Tuesday, December 28, 2010

-XX:+UseCompressedStrings explained

It looks like Oracle has finally released some documentation for those options they've been using in SPECjbb2005 submissions. The doc is here and it looks like it appeared on Christmas eve.

Like I guessed, they're using a byte[] array instead of a char[] array for Strings wherever they can.

Presumably this makes the code path more complicated, because every time the JVM deals with a String it now needs  to check what kind it is. The space savings are probably worth it, at least in some applications.

Why isn't it on by default? Two possibilities:
  1. The penalty is too high in many applications. In my opinion, this would make it a bit of a benchmark special.
  2. The option isn't quite ready for prime time yet, but they plan to turn it on by default later.
Is this option "fair" to non-Western-European applications? I'd argue that it probably isn't unfair. A lot of String objects aren't involved in the user interface at all. In many applications, such as Eclipse, Strings are used extensively as internal identifiers for things like plug ins, extension points, user interface elements, etc. Even if your application presents a non-ASCII user interface there's a good chance that it still has a lot of ASCII strings under the surface. It might not benefit as much from this option, but it would probably still benefit.
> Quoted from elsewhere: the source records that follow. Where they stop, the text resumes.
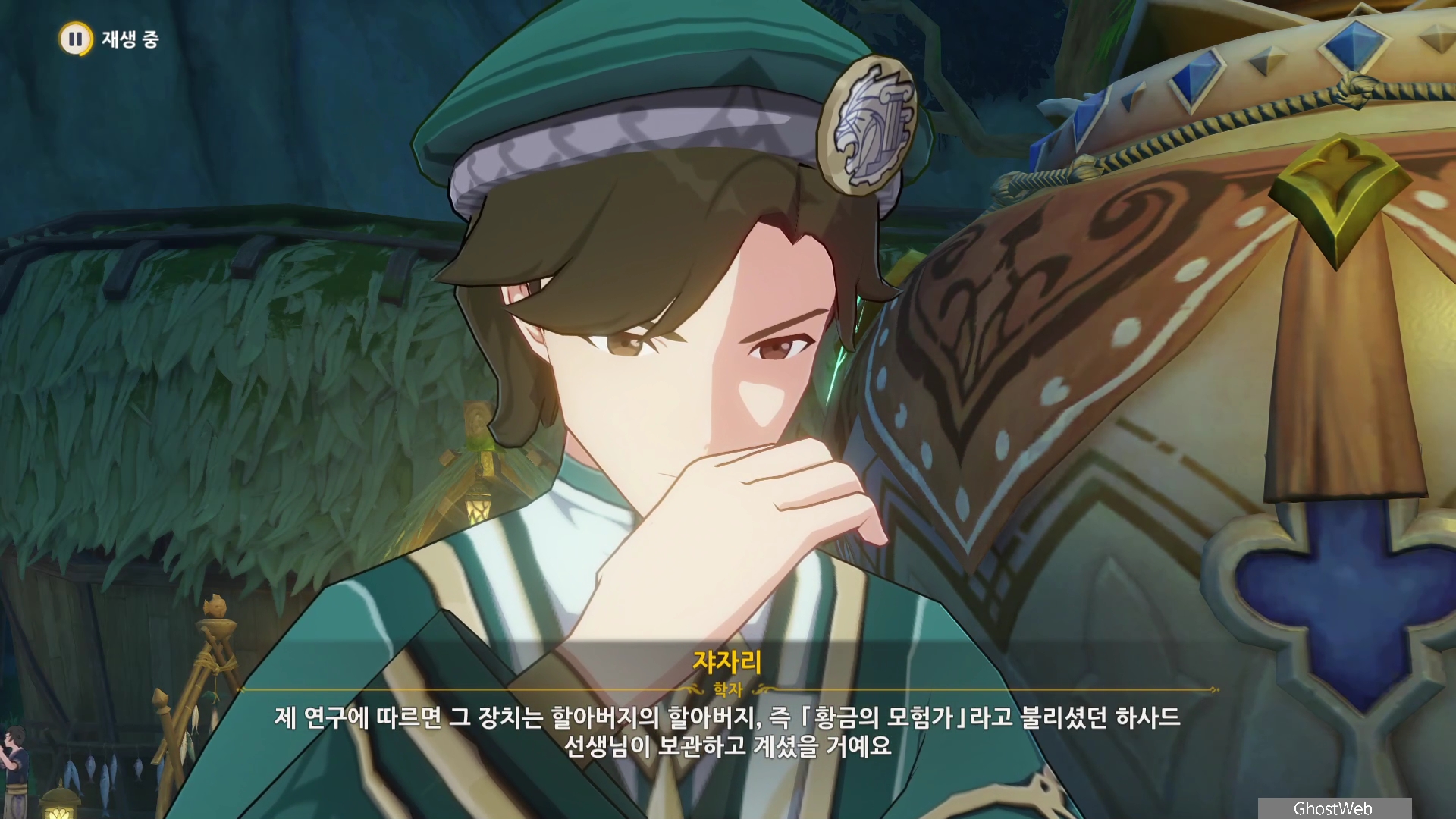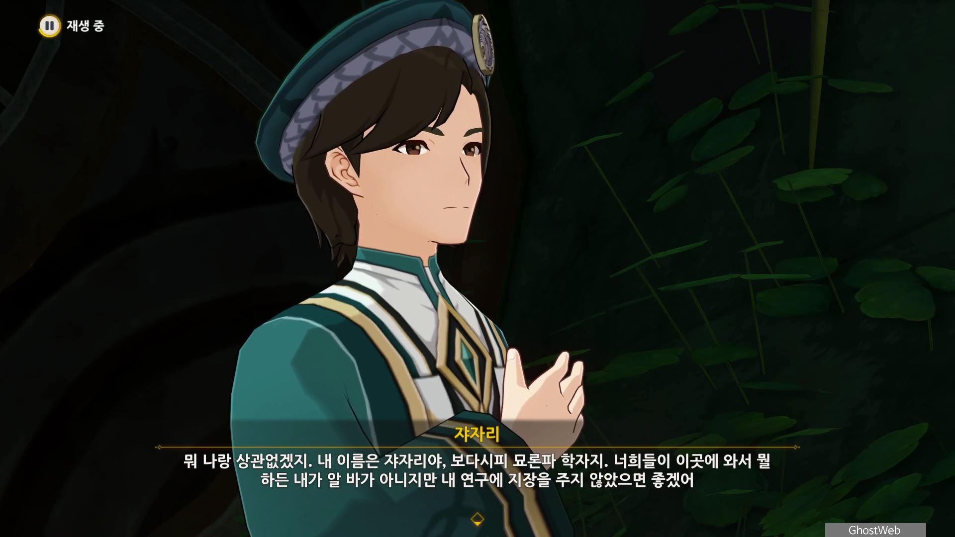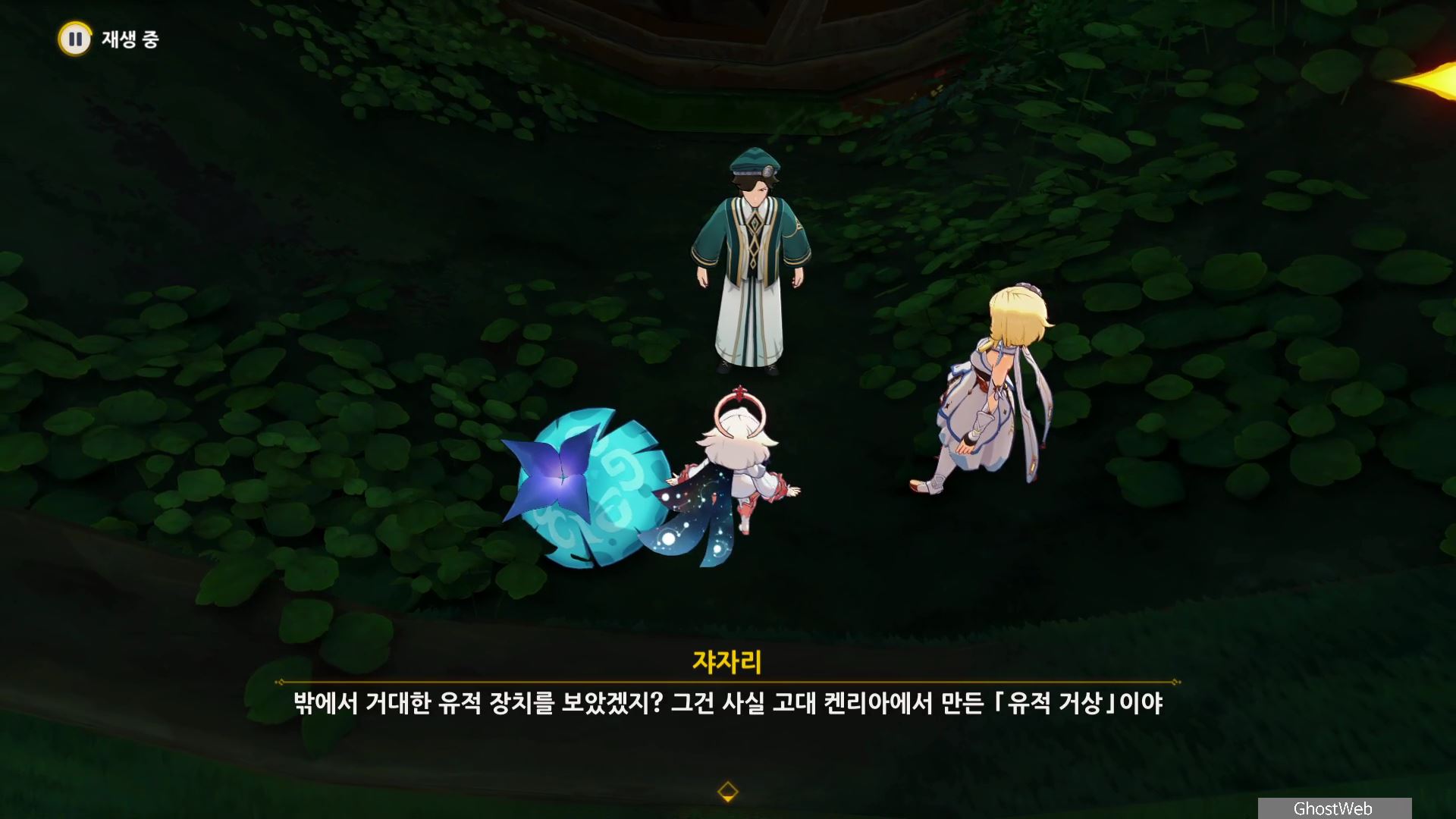쟈자리는 고대 켄리아에서 만든 <유적 거상(파수 장치)>을 연구 중이라며 여행자와 이야기를 하는데, 쟈자리에게는 아란리캔이 보이지 않기 때문에 아란리캔과 이야기하는 페이몬을 상상 속 친구와 이야기하는 불쌍한 아이로 봐요.
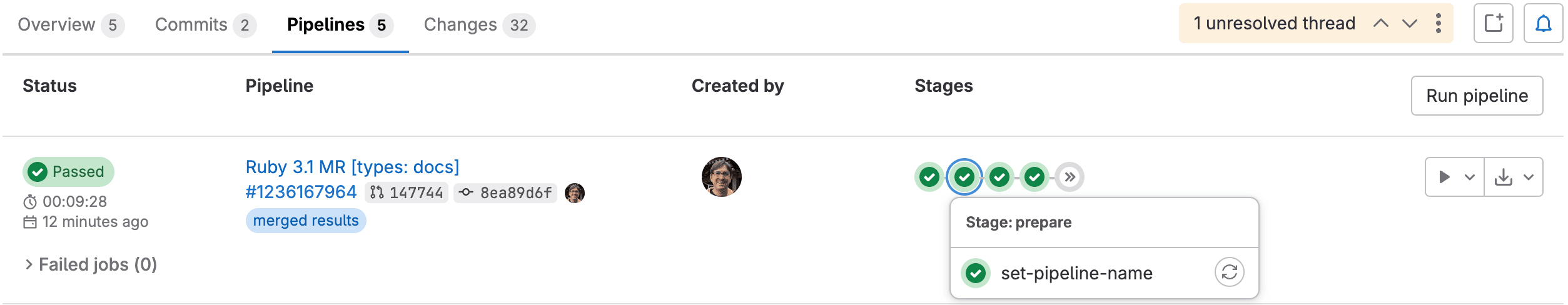 - Merged results pipelines are merge request pipelines that act as though the changes from the source branch have already been merged into the target branch.
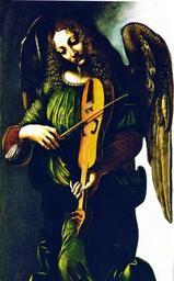 | Keywords: Predis, Giovanni Ambrogio de - An Angel in Green with a Vielle - 1506 — 08.jpg Artwork Leonardo's school Creator Giovanni Ambrogio de Predis Creator Ambrogio de Predis An Angel in green with a vielle Panel from the S Francesco Altarpiece Milan 1506 ” 08 oil on panel 116 × 61 cm National Gallery London Not on display http //www nationalgallery org uk/paintings/associate-of-leonardo-da-vinci-an-angel-in-green-with-a-vielle www nationalgallery org uk ” An Angel in Green with a Vielle Provenance originally San Francesco in Mil Santa Maria delle Grazie in Milano Italy was part of a larger altarpiece Since 1898 National Gallery London<ref>http //www nationalgallery org uk/paintings/associate-of-leonardo-da-vinci-an-angel-in-green-with-a-vielle/ /key-facts www nationalgallery org uk ” Key Facts</ref> Own book scan Zaczek Iaian Angels Star fire publishers part of The Foundry Creative Media Co Ltd London 2007 ISBN 978-1-184451-870-8 p 189 NG1661 Other versions References reflist PD-old-100 See also <gallery> File Ambrogio de Predis - Angel in green with a vielle jpg 267 × 576 pixels file size 30 K </gallery> Giovanni Ambrogio de Predis Angel in Green with a vielle Paintings of musical instruments Music-making angels 1506 paintings 1507 paintings 1508 paintings 16th-century paintings of angels Green clothing in art angel Women looking down in art Vielle 16th-century oil on panel paintings in the United Kingdom Virgin of the Rocks National Gallery scans by Mattes Work by Mattes 2010 Angels on the ground Angels in art in England Curly hair in art Scanned with HP Photosmart C5200 1500s religious paintings 1500s paintings from Italy 1500s paintings in the United Kingdom 16th-century religious paintings in the United Kingdom Paintings of angels in the United Kingdom |
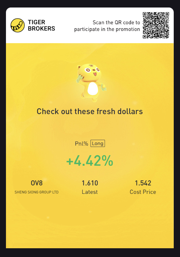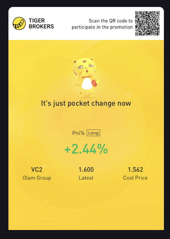 My older love $Olam Group(VC2.SI)$$SHENG SIONG GROUP LTD(OV8.SI)$started to green already [love you]
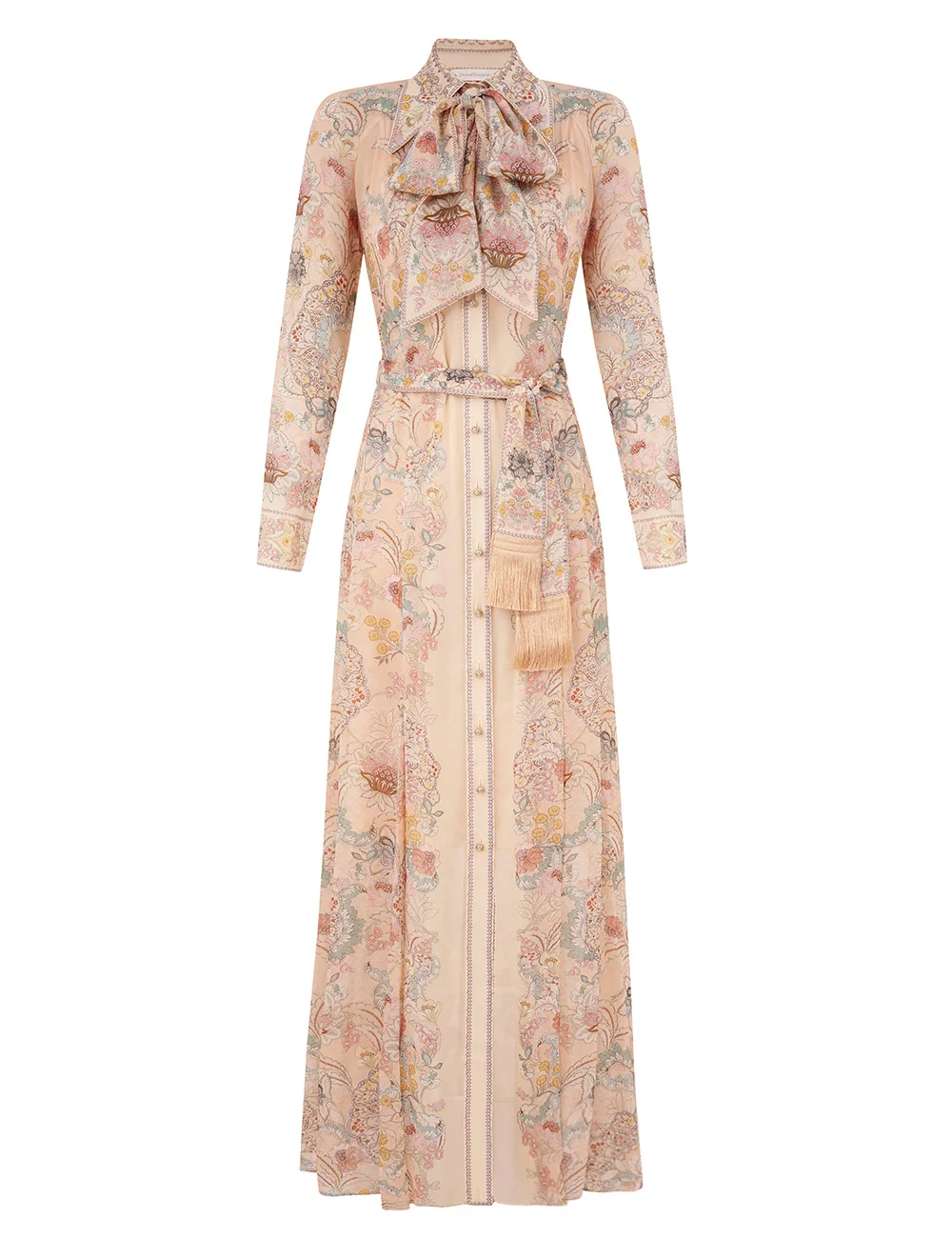 ITEM DETAILS The Rebellion Pussybow Shirt Dress in Pink Floral from our Cruise 2026 Collection, Twisted Romance. A long sleeve maxi dress featuring a classic collar with pussybow necktie and buttons down the centre front. - Classic shirt silhouette dress - Long, fitted sleeves - Functional gold buttons at the center front - Classic collar with fabric necktie - Placement printed - Removable waist belt - Comes with a separate slip Style Code: 5357DC261 SIZE DETAILS 0P 0 1 2 3 4 Length 54.5 60 60 60 60.5 60.5 Bust 32.5 34 36 38.5 40 42.5 Waist 29 30 32.5 34 36 38.5 Hip 44 45 47 49 51 53 Sleeve 27.5 29 30 30.5 30.5 31 Designed for a slightly loose fit, with a closer fit at the bust This garment fits true to size Available in size 0P, suited to clients who are under 5'3"/ 160cm Model is 5'9.5"/178 cm, bust size 32C/10C and wears a size 0 Item measurements are in inches CARE INSTRUCTIONS Main and tie: 100% viscose; slip: 100% viscose Dry clean only code f (hydrocarbon only); Remove any detachable trims prior to dry cleaning; Cover to protect trim; Iron in low temperature with protective cloth; Light steam only; Do not spot clean Gentle cold hand wash separately with mild detergent; Do not bleach; Dry in shade; Iron in low temperature with protective cloth; Do not tumble dry; Dry cleanable code f (hydrocarbon only); Always check the label or care card for specific care instructions.
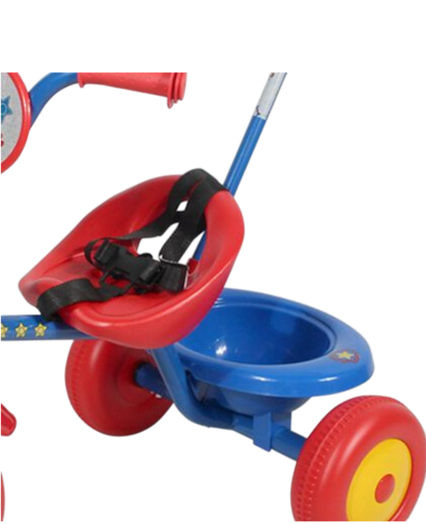 - Manija de Empuje (Parental): Posee una manija trasera con agarre amarillo para que los padres puedan guiar y controlar la dirección del triciclo durante el aprendizaje.
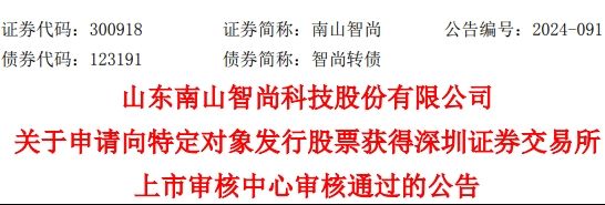 中国经济网北京11月18日讯南山智尚昨晚公告称,公司于2024年11月16日收到深交所上市审核中心出具的《关于山东南山智尚科技股份有限公司申请向特定对象发行股票的审核中心意见告知函》,深交所发行上市审核机构对公司 ...

(Of course that assumes that there's no penalty for using non-ASCII Strings beyond the extra space. If the option is implemented in an all-or-nothing fashion, e.g. if it stops using byte[] arrays the first time it encounters a non-ASCII String, then non-ASCII applications wouldn't benefit at all.)


  1. I did some very preliminary testing for my purposes. I was parsing 10 kB XMLs with Xalan (i.e. default parser) on JDK build 1.6.0_23-b05 (win 64 bit) and was generating text-only PDFs out of each of them with iText. Tests were done with all data in memory, all strings had nothing but ASCII, minimum 1000 transformations in one loop.

    The tests consistently show a speed penalty of about 10% when -XX:+UseCompressedStrings is used. No other JVM modifiers, BTW.

    I would imagine that when caching wins over any I/O many times over in speed, it might well be a good deal. It does consume measurably less heap. In my case, very approximately around 30%.

  2. Interesting. I would have assumed that in most cases this compression occurs naturally when serializing Objects (with String members) as UTF-8, so that there'd be little benefit to tweaking in-memory representation. Except for Strings that are seldom used (could be the case for class definitions, method names etc). Then again access via String.charAt() should be relatively fast so maybe overhead is not all that drastic.

  3. presumably the repeated -XX: is a typo (as in -XX:-XX:+UseCompressedStrings)?